Definition (Extension of a Vector Field along a Curve). A smooth vector field \(\tilde{V}\) on a neighborhood of the image of a curve \(\gamma : I \rightarrow M\) in a smooth manifold \(M\) is called the extension of a smooth vector field \(V : I \rightarrow TM\) along \(\gamma\) if \(\tilde{V}_{\gamma(t)} = V(t)\) for all \(t \in I\).
Now we are prepared to define the covariant derivative of a vector field along a curve in coordinates. Recall the coordinate representation of the covariant derivative \(\nabla_vY\) for a vector \(v\) at a point \(p\):
\[\nabla_vY\rvert_p = \left(v(Y^k) + v^iY^j(p)\Gamma^k_{ij}(p)\right)\frac{\partial}{\partial x^k}\bigg\rvert_p.\]
Given an extension \(\tilde{V}\) of a vector field \(V\) along a curve \(\gamma\), we then have
\begin{align}\nabla_{\gamma'(t_0)}\tilde{V}\rvert_{\gamma(t_0)} &= \left(\gamma'(t_0)(\tilde{V}^k) + \gamma^i(t_0)\tilde{V}^j(\gamma(t_0))\Gamma^k_{ij}(\gamma(t_0)\right)\frac{\partial}{\partial x^k}\bigg\rvert_{\gamma(t_0)} \\&= \left(\gamma'(t_0)(\tilde{V}^k) + \gamma^i(t_0)V^j(t_0)\Gamma^k_{ij}(\gamma(t_0)\right)\frac{\partial}{\partial x^k}\bigg\rvert_{\gamma(t_0)} \\&= \left((\tilde{V}^k \circ \gamma)'(t_0) + \gamma^i(t_0)V^j(t_0)\Gamma^k_{ij}(\gamma(t_0)\right)\frac{\partial}{\partial x^k}\bigg\rvert_{\gamma(t_0)} \\&= \left(\dot{V}^k(t_0) + \gamma^i(t_0)V^j(t_0)\Gamma^k_{ij}(\gamma(t_0)\right)\frac{\partial}{\partial x^k}\bigg\rvert_{\gamma(t_0)}.\end{align}
The ultimate expression therefore defines the covariant derivative of a vector field along a curve in coordinates:
\[D_tV(t_0) = \left(\dot{V}^k(t_0) + \gamma^i(t_0)V^j(t_0)\Gamma^k_{ij}(\gamma(t_0)\right)\frac{\partial}{\partial x^k}\bigg\rvert_{\gamma(t_0)}.\]
It is possible to provide a coordinate-free definition by abstracting the essential properties of this definition.
Definition (Covariant Derivative along a Curve). Given a smooth manifold \(M\) with an affine connection \(\nabla\) and a smooth curve \(\gamma : I \rightarrow M\), the covariant derivative along \(\gamma\) is an operator
\[D_t : \mathfrak{X}(\gamma) \rightarrow \mathfrak{X}(\gamma)\]
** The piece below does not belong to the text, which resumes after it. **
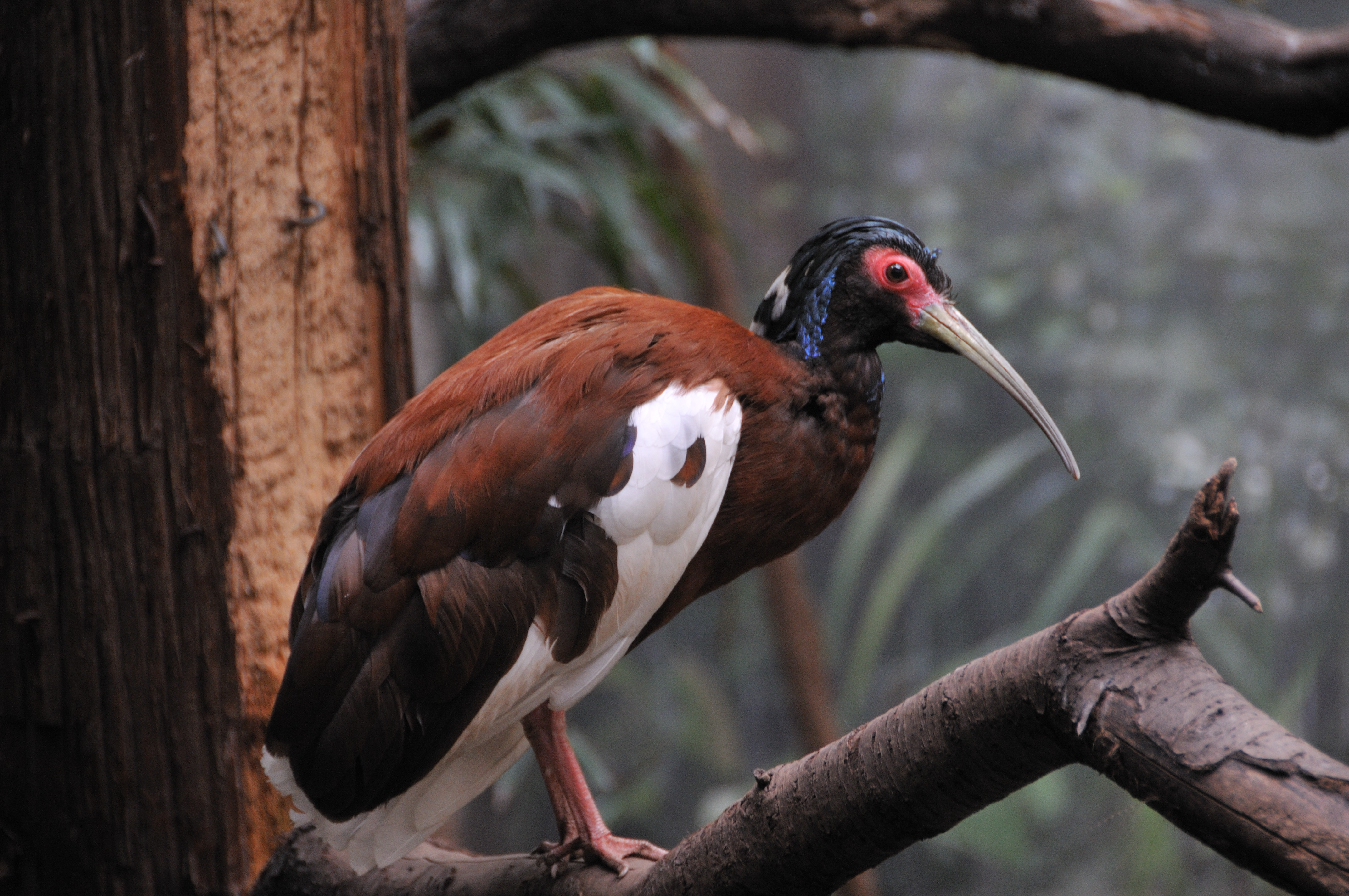 Madagascar Crested Ibis, also known as the White-winged Ibis or Crested Wood Ibis at Bronx Zoo, USA.
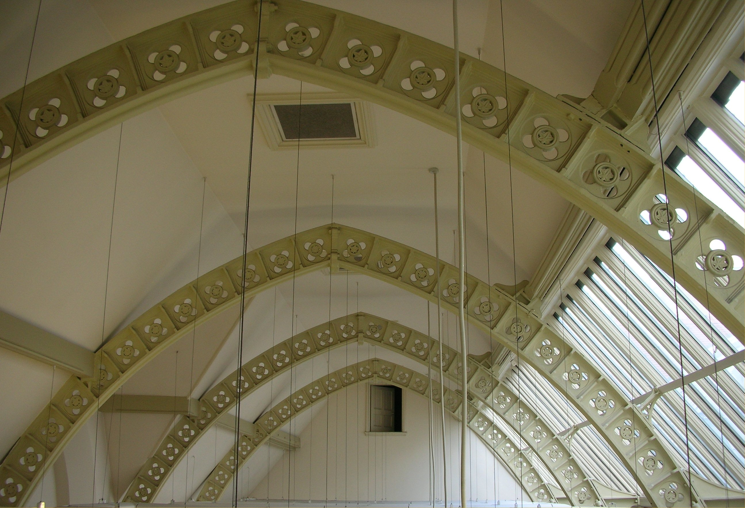 Typical Martin & Chamberlain exposed iron supports for the steep roof of the Birmingham School of Art, England (1893-95). It has several such galleries. Credits Photographed by me on 25 June 2006. Oosoom

that satisfies the following properties:
- Linearity over \(\mathbb{R}\):
- \(D_t(aV) =aD_tV\) for all \(a \in \mathbb{R}\) and \(V \in \mathfrak{X}(\gamma)\),
- \(D_t(V+W) = D_tV + D_tW\) for all \(V,W \in \mathfrak{X}(\gamma)\),
- Product rule: \(D_t(fV) = f'V + dD_tV\) for all \(f \in C^{\infty}(I)\) and \(V \in \mathfrak{X}(\gamma)\),
- Whenever \(V\) admits an extension \(\tilde{V}\), \(D_tV(t_0) = \nabla_{\gamma'(t_0)}\tilde{V}\rvert_{\gamma(t_0)}\).
The coordinate definition above satisfies each of these properties, and it can be shown that it is unique.
Geodesics
A geodesic is a generalization of the concept of the shortest path between two points (i.e. a straight line) in Euclidean space. The term "geodesic" derives from the study of geodesy, the measurement of the size and shape of the Earth, where geodesics are the shortest paths along the surface of the Earth. Intuitively, the shortest path should have zero acceleration. Now that we have a notion of the covariant derivative of a vector field along a curve, we can define the acceleration of a curve as the covariant derivative of the curve's velocity.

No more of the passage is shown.